## REQUIRED ACTION
Your answer should show every line of the material below that includes "bien".
○ ○ ○ ○ ○
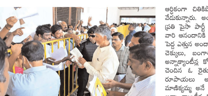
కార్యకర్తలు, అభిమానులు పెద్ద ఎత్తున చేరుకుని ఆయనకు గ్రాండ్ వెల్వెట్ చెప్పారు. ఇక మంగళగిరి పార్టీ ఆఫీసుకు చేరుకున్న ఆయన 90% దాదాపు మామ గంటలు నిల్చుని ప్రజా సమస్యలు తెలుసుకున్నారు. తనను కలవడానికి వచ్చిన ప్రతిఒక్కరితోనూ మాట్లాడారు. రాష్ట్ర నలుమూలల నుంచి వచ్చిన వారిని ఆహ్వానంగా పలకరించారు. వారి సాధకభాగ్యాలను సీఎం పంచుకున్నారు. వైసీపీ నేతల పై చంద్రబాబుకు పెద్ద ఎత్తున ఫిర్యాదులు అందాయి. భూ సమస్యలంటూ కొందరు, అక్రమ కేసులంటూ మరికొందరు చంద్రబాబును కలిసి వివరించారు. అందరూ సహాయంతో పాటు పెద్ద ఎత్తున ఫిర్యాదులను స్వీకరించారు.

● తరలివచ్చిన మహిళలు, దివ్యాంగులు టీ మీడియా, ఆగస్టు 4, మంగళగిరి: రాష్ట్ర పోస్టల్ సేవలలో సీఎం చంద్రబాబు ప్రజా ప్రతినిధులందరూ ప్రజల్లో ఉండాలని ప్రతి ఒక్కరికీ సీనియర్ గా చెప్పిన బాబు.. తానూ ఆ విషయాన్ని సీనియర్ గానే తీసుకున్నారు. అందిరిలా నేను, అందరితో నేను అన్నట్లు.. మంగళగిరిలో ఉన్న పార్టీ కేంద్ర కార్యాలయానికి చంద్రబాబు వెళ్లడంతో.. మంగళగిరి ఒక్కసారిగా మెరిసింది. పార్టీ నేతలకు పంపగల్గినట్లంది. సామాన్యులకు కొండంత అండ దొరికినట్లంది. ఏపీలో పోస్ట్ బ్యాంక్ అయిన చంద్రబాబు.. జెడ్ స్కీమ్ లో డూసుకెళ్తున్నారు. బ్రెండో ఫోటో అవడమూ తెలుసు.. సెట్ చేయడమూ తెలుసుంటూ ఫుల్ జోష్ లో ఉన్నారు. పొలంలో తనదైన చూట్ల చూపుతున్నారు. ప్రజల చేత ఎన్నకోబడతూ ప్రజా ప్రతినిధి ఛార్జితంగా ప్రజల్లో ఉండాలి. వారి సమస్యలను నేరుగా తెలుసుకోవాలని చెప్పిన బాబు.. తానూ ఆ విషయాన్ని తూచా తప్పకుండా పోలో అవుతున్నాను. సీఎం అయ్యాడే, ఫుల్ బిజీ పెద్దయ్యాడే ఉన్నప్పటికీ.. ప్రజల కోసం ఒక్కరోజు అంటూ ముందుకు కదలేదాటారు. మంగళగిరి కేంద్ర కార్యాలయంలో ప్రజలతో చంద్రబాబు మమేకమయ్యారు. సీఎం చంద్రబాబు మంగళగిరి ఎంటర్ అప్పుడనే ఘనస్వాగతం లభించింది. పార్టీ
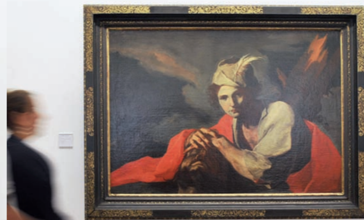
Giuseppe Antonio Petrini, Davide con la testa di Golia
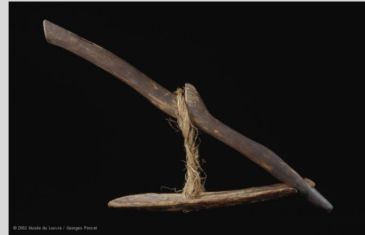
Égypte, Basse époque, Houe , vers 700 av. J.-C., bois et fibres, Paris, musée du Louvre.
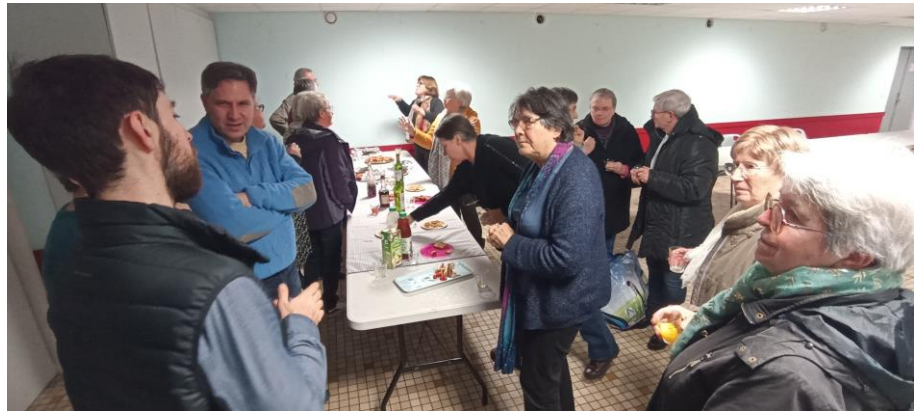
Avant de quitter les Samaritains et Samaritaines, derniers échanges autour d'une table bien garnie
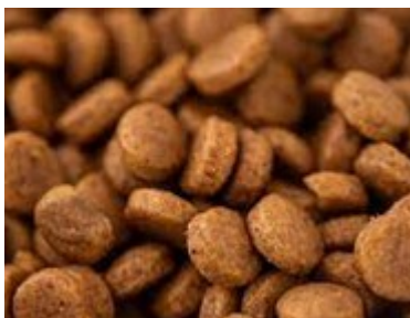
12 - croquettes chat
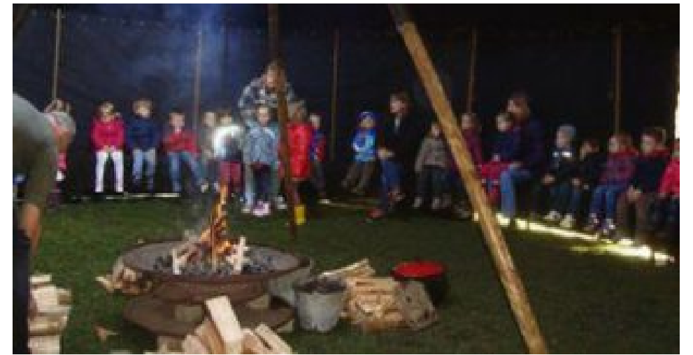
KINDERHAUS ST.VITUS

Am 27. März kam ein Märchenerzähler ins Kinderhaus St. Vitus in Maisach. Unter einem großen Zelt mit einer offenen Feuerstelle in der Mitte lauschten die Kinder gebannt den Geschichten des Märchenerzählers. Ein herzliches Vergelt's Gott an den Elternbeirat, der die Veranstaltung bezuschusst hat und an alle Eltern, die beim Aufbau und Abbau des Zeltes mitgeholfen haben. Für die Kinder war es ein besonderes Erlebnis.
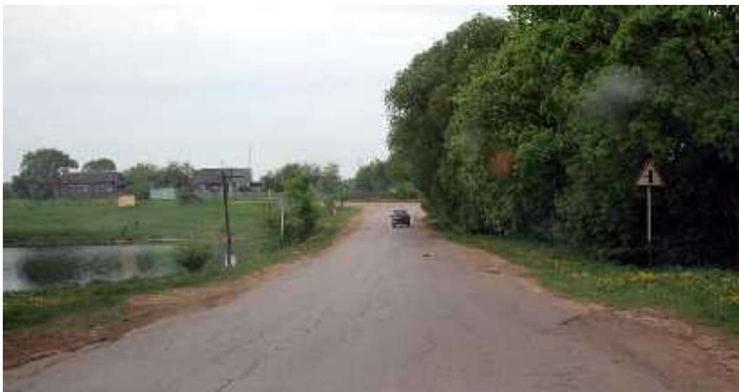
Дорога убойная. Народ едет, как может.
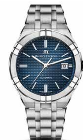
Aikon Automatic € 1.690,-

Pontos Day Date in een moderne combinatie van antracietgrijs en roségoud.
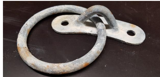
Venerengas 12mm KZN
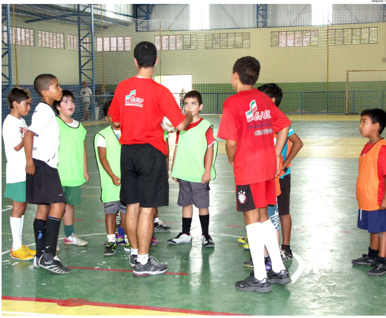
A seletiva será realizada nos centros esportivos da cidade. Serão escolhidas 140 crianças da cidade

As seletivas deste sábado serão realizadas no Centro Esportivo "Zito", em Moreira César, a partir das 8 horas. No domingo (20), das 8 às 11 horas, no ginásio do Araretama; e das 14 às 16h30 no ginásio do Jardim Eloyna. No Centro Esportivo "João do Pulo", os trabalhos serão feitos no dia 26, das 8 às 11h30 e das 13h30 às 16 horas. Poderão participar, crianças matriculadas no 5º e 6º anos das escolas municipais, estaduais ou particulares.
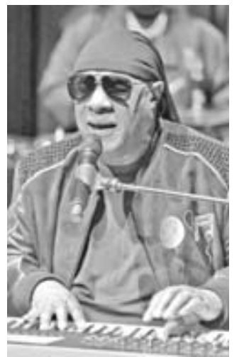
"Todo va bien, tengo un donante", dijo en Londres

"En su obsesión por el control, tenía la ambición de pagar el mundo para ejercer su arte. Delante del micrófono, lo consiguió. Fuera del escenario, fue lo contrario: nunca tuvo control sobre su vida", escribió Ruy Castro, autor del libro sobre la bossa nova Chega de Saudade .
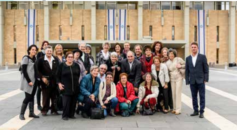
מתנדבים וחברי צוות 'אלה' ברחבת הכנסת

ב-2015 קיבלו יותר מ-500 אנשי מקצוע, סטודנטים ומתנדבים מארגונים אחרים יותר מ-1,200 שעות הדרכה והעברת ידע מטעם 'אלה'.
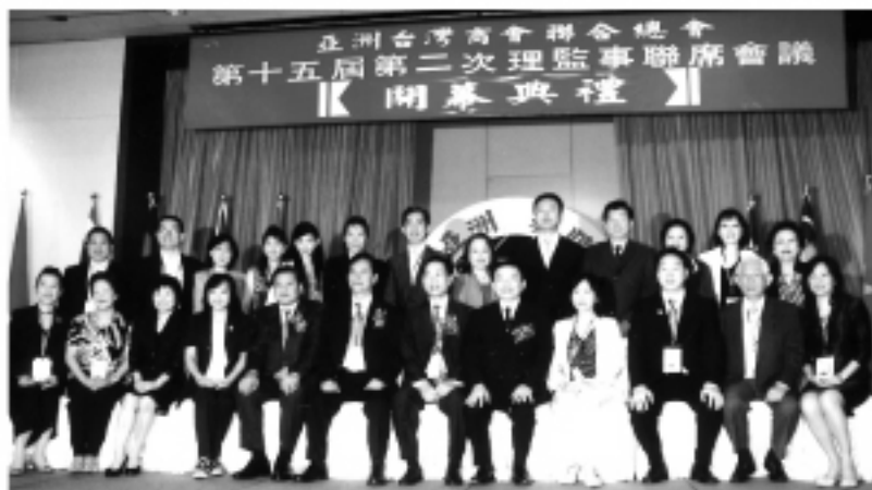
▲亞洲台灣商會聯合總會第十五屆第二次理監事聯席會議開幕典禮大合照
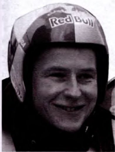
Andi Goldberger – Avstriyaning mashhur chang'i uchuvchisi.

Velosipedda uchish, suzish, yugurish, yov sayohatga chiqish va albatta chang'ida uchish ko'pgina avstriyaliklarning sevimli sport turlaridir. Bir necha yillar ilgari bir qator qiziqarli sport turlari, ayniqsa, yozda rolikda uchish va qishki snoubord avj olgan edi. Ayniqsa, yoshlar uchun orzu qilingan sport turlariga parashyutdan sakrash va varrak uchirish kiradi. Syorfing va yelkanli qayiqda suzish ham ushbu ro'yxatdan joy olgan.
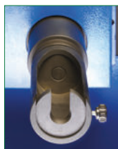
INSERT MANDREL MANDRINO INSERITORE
○ ○ ○ ○ ○
## ANSWER SPACE
Avant de quitter les Samaritains et Samaritaines, derniers échanges autour d'une table bien garnie
"Todo va bien, tengo un donante", dijo en Londres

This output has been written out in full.